I weep…

Paramount-2014Paramount just announced they are going to stop distributing film as film, they are going all digital, as of… NOW. The first studio to jettison an art form of a hundred years standing. I weep. And not because I have hideous allergies that require two forms of eye drops and antihistamines, I weep for lost beauty. There is nothing like FILM.

26 Comments »

  1. Would that be film, or fillum? Kidding aside, like the LED light bulb, they have some work to do to get this right. Compact fluorescents, anyone? It’s all about the light, the quality of the light, the subtlety. Technicolor Kodachrome grain pixels and the cloud. Glass acetate plastic and a SIM card. The second coming of three D. A fevered dream of Harpo’s harp and Chico’s piano swirling around Dooley Wilson, and Stanley waiting for a streetcar. Clang clang went the Tin Man. And your little dog, too. If you let anything happen to him, you’ll never wag that tail again. Good night Gracie.

    • I think you’ve hit the nail on the head, David. It doesn’t look right, and instead of developing the medium to a point where it does have the latitude, depth, and mystery of film, they just gone immediately for what is cheaper.

  2. You are a bearer of bad news. I remember when the world went digital and stopped using SLR cameras. Fifteen years later, I still miss processing my film in the darkroom. Will this be how we all feel about film at the movies? I’ve just recently fell in love with vinyl records again. After a 30 year hiatus. So it will be with film in movies. A nostalgic “I remember when”. I’ll be waiting for the revival.

  3. As a photographer for the past 54 years, I still miss film, very much. You were a better photographer because you had to get it right on film, no two ways about. The chrome photographers were even better, they had to get it perfect!!! Those were the days my friend, those were the days.
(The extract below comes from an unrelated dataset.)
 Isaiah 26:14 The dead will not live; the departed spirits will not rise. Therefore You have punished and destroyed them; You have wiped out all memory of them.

    • I was at a photo shoot not long ago and with the shutter going off in fully automated mode, and the photographer generating thousands of images, I wondered where the innate eye was, and the wisdom of self-editing… Cheers to you for being trained old school!
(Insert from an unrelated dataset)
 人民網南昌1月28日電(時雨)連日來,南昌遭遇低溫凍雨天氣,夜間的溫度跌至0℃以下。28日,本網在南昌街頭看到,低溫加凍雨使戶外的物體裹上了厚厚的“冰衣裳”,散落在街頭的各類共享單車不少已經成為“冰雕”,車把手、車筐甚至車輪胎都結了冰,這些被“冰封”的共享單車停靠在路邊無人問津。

  4. When I read this I got so depressed even though I knew it was coming. For me the thing with film is that it is ALIVE, there’s a texture, a tactility, a – as I say – *Life* to it, it *breathes*. The buzzword of the past ten years or so is “real” but that’s always seemed to me an odd aim, and the notion that HD and digital is more “real” with all its “color grading” nonsense and its 1s and 0s is demonstrably fallacious. Look at the works of painters from Rembrandt to Millais to Monet, is their work *entirely* “real”? No. Is it beautiful? Yes. It’s the same with film and technicolor or what have you. There’s a Beauty, a richness, an artistry with film that digital for all its “gosh- wow!” factor doesn’t have. To digress it’s worth noting the most irritating gimmick of recent years, one that has plagued cinema – and television – all in the name of “realism”, the “shakycam”, washed-out look, consciously poor shifting framing and sudden-zoom-and-refocus-for-NO-REASON, while a variant this was a deliberate and effective artistic choice in the early seasons of Homicide it’s a pointless abomination when used in movies and shows that aren’t even a little faux documentary in approach; it’s done because others do it and because it carries with it the illusory notion of realism, in which case presumably Chinatown would have looked better shot on a cameraphone. (see the films of Robert Altman for someone who *really knew what he was doing with a febrile shooting style*) Digression ends!
    The switch to digital isn’t occuring because it’s *better* in all ways but merely – as you so rightly say Vickie – because it’s cheap and *because, god forbid, any thought be given to the medium*. Isn’t about “progress”, it’s about “groupthink” but thankfully as this thread shows not everyone’s a sucker! 🙂

  5. I like both digital and film for different reasons. That being said, I do miss the feel of film and don’t wish it to disappear altogether.

    I remember watching The Shawshank Redemption last year and noticing, really for the first time, the difference between digital and film. Shawshank was rough and it had more flaws. Digital is shiny. Digital is a bright, white I-Pod. Now, I like shiny, and I like shiny. But if rough goes away, we’ve lost a certain texture and are left with one less option to help tell a story. With growing technologies, we should be giving ourselves more options. Not less.

    This may not sadden me as much as others, but it still makes me frown.

  6. Reblogged this on The Artistic Packrat and commented:
    I like both digital and film for different reasons.That being said, I do miss the feel of film and don’t wish it to disapear altogether.

    I remember watching The Shawshank Redemption last year and noticing, really for the first time, the difference between digital and film. Shawshank was more rough and it had more flaws. Digital is shiny. Digital is a bright, white perfect I-Pod. Now, I like shiny and I like rough. But if rough goes away, we’ve lost a certain texture and are left with one less tool to help tell a story. With growing technologies, we should be giving ourselves more options. Not less.

    This may not sadden me as much as others, but it still makes me frown.